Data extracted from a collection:
- Opening Delimiter -
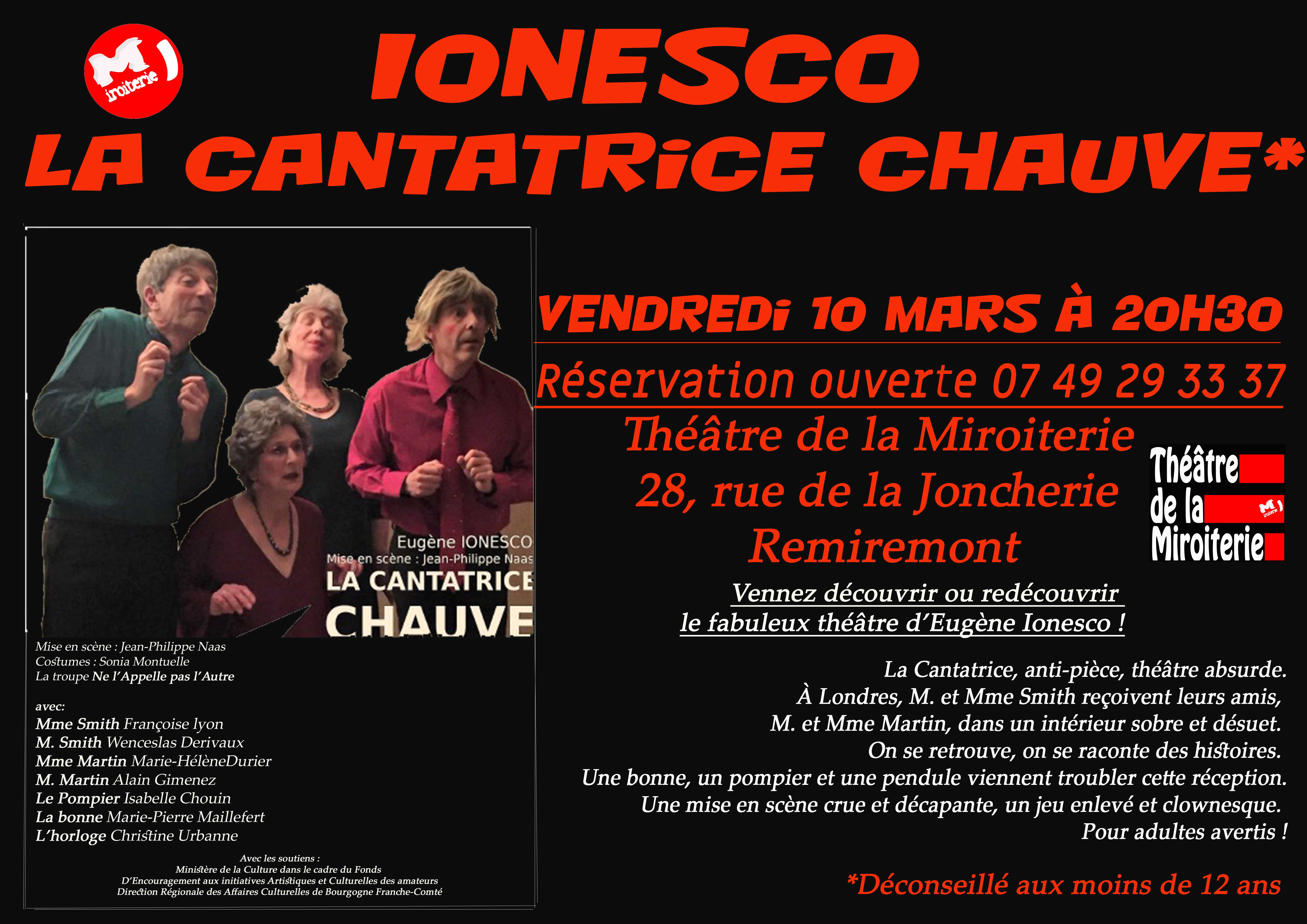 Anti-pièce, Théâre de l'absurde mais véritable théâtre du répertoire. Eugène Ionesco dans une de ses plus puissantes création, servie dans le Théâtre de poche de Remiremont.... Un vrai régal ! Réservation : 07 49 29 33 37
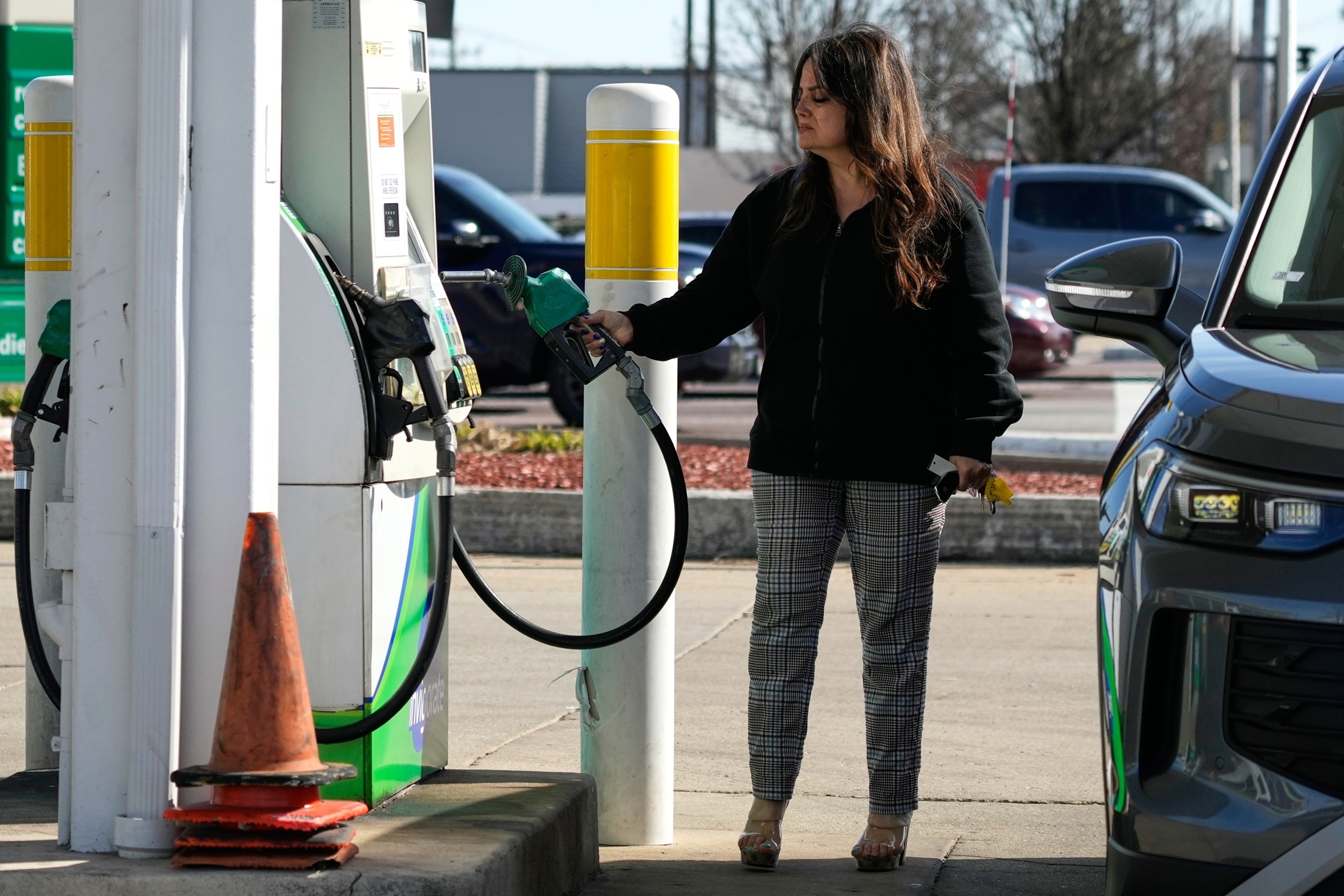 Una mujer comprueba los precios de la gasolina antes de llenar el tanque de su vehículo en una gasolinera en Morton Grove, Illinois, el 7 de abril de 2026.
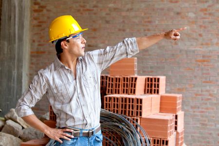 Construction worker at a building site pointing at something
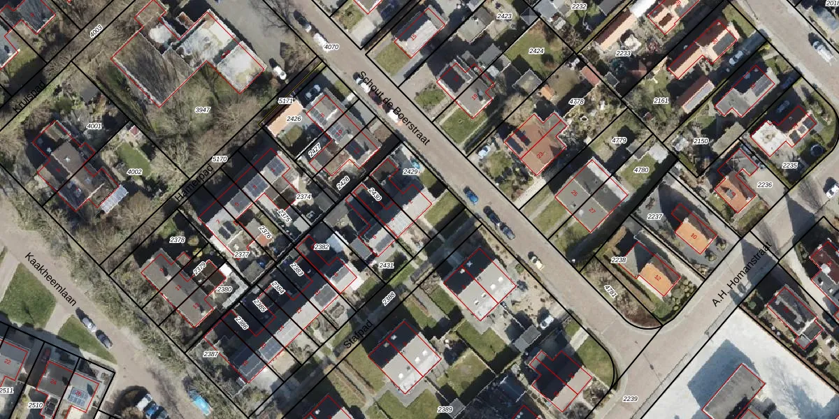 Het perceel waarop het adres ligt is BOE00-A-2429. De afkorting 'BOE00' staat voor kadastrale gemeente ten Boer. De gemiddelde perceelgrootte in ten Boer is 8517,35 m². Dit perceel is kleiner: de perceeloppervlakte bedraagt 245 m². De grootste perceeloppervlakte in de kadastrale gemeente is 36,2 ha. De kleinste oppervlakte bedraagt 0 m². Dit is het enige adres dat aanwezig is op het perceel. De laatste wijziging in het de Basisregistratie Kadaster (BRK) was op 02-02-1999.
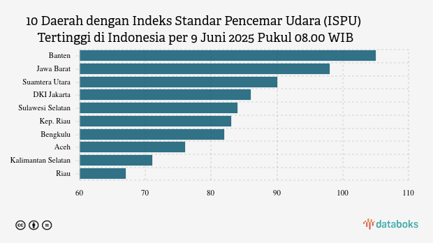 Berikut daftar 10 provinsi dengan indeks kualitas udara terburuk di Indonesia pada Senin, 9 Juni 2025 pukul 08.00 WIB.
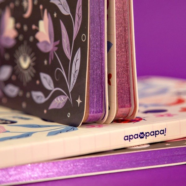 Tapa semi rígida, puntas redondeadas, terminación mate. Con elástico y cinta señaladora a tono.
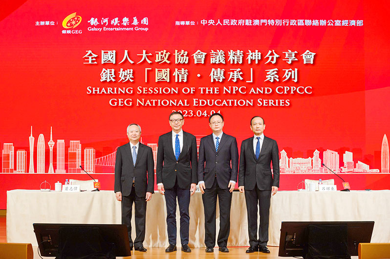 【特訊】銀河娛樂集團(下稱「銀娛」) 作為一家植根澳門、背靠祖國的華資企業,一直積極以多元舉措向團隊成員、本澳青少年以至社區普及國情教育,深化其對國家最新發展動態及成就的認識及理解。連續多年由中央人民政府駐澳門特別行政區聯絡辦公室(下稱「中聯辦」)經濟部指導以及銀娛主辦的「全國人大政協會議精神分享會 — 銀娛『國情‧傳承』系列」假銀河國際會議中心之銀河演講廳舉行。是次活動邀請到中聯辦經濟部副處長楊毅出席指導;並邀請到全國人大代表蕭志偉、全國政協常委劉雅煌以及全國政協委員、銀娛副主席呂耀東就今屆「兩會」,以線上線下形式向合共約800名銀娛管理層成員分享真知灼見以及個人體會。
- Closing Delimiter -
WHAT IS BEING ASKED:
Set the lines above down again, word for word, from the first through the one containing "Construction worker at"; pictures excluded.

SOLUTION:
 Anti-pièce, Théâre de l'absurde mais véritable théâtre du répertoire. Eugène Ionesco dans une de ses plus puissantes création, servie dans le Théâtre de poche de Remiremont.... Un vrai régal ! Réservation : 07 49 29 33 37
 Una mujer comprueba los precios de la gasolina antes de llenar el tanque de su vehículo en una gasolinera en Morton Grove, Illinois, el 7 de abril de 2026.
 Construction worker at a building site pointing at something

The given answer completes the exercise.